> **Exercise details**
Copy out exactly the lines from the one with "Kyva Gamis Muslim" through the last line of the listing below, both included, but none of the pictures.

> **Raw data**
· · · · ·

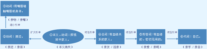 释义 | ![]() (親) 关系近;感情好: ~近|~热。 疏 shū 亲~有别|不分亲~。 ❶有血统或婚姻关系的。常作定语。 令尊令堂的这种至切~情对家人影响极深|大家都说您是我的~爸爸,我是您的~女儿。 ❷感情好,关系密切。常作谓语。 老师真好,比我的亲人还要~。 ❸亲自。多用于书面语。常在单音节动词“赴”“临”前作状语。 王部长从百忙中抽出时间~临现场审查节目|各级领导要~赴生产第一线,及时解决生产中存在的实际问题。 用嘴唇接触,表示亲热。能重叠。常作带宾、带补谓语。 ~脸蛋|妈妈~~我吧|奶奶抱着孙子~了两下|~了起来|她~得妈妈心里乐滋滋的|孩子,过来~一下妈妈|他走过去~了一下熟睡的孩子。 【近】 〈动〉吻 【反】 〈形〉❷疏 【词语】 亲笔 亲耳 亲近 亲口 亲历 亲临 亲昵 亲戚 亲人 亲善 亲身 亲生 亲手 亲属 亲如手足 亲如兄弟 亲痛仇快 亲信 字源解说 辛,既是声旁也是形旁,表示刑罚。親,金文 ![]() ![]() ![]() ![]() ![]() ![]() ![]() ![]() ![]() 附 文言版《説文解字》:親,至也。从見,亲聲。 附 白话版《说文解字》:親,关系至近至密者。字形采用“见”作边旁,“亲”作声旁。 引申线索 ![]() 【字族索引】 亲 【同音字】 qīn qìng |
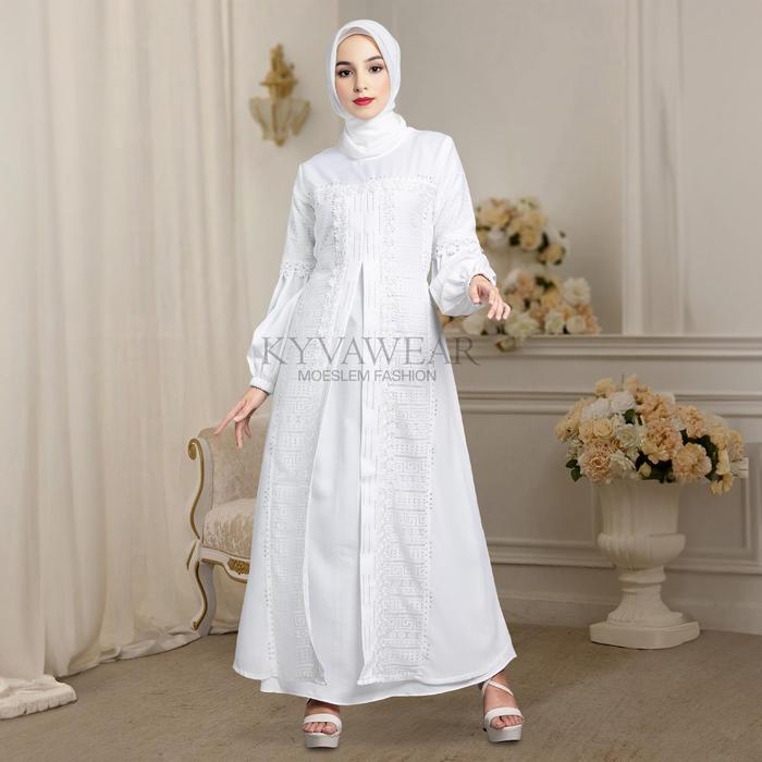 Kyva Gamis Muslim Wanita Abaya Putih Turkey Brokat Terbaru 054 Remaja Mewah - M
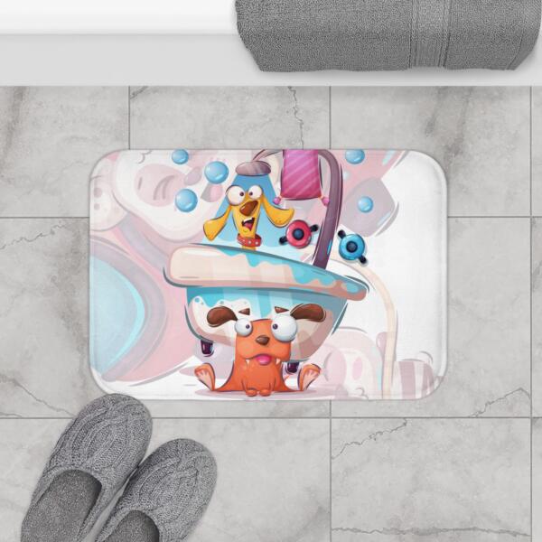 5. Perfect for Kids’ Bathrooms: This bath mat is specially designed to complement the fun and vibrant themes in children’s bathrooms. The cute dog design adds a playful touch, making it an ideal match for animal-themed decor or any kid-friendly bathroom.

· · · · ·

> **Task result**
 Kyva Gamis Muslim Wanita Abaya Putih Turkey Brokat Terbaru 054 Remaja Mewah - M
 5. Perfect for Kids’ Bathrooms: This bath mat is specially designed to complement the fun and vibrant themes in children’s bathrooms. The cute dog design adds a playful touch, making it an ideal match for animal-themed decor or any kid-friendly bathroom.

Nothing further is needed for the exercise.